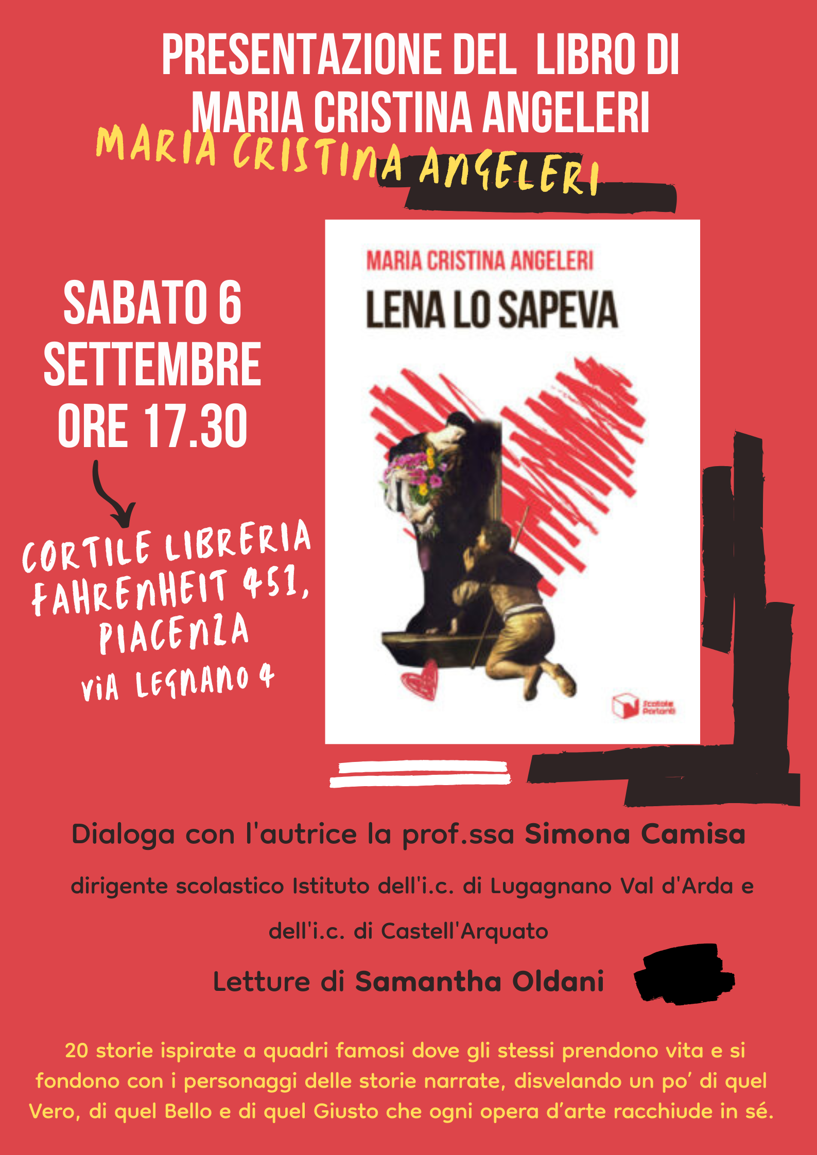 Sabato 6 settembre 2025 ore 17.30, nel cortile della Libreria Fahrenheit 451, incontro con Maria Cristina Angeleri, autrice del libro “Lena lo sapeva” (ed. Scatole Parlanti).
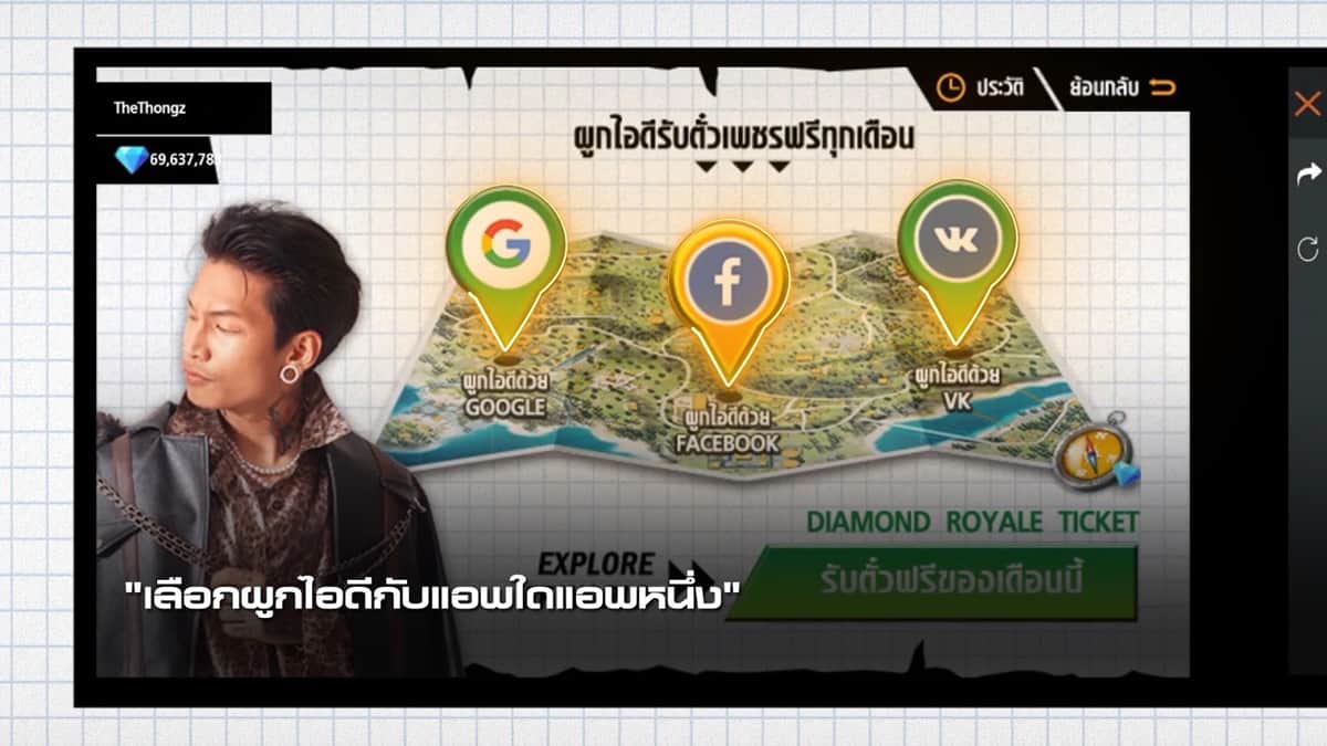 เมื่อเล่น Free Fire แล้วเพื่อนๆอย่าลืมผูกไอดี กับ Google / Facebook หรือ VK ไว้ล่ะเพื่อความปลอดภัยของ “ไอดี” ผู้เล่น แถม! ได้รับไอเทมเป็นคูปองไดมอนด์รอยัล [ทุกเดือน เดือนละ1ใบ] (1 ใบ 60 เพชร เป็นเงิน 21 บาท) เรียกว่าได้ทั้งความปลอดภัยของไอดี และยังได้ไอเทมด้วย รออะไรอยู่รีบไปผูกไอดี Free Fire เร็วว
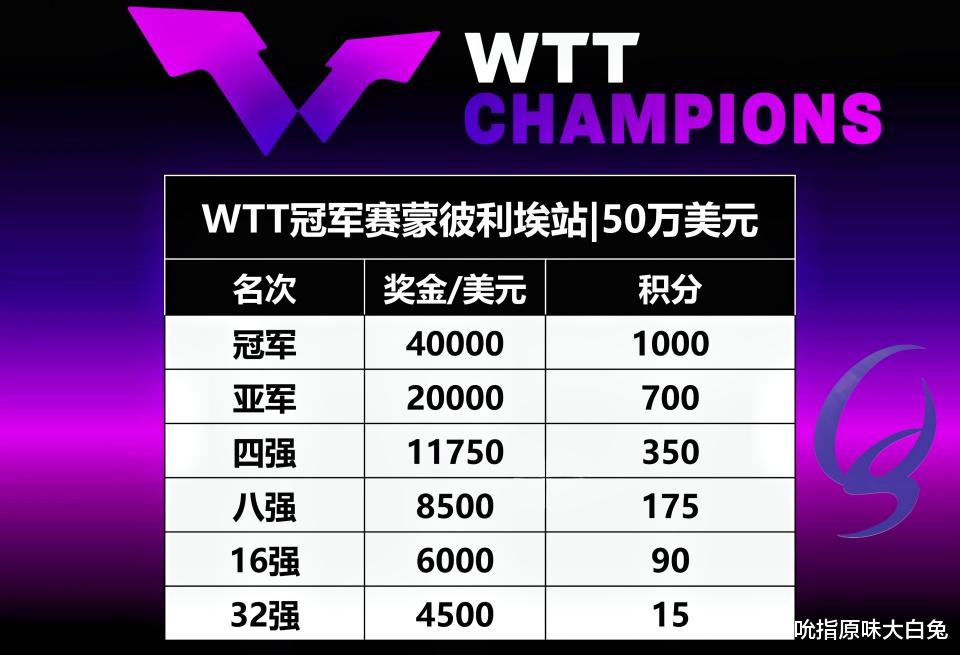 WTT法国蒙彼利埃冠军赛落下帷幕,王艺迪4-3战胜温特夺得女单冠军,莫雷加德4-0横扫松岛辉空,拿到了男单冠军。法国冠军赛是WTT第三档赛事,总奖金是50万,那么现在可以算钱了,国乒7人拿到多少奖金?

_AIM OF THE TASK_
Return exactly the lines from the line with "เมื่อเล่น Free Fire" through the last line of the data above, both included; pictures do not go in the answer.

_ANSWER SECTION_
 เมื่อเล่น Free Fire แล้วเพื่อนๆอย่าลืมผูกไอดี กับ Google / Facebook หรือ VK ไว้ล่ะเพื่อความปลอดภัยของ “ไอดี” ผู้เล่น แถม! ได้รับไอเทมเป็นคูปองไดมอนด์รอยัล [ทุกเดือน เดือนละ1ใบ] (1 ใบ 60 เพชร เป็นเงิน 21 บาท) เรียกว่าได้ทั้งความปลอดภัยของไอดี และยังได้ไอเทมด้วย รออะไรอยู่รีบไปผูกไอดี Free Fire เร็วว
 WTT法国蒙彼利埃冠军赛落下帷幕,王艺迪4-3战胜温特夺得女单冠军,莫雷加德4-0横扫松岛辉空,拿到了男单冠军。法国冠军赛是WTT第三档赛事,总奖金是50万,那么现在可以算钱了,国乒7人拿到多少奖金?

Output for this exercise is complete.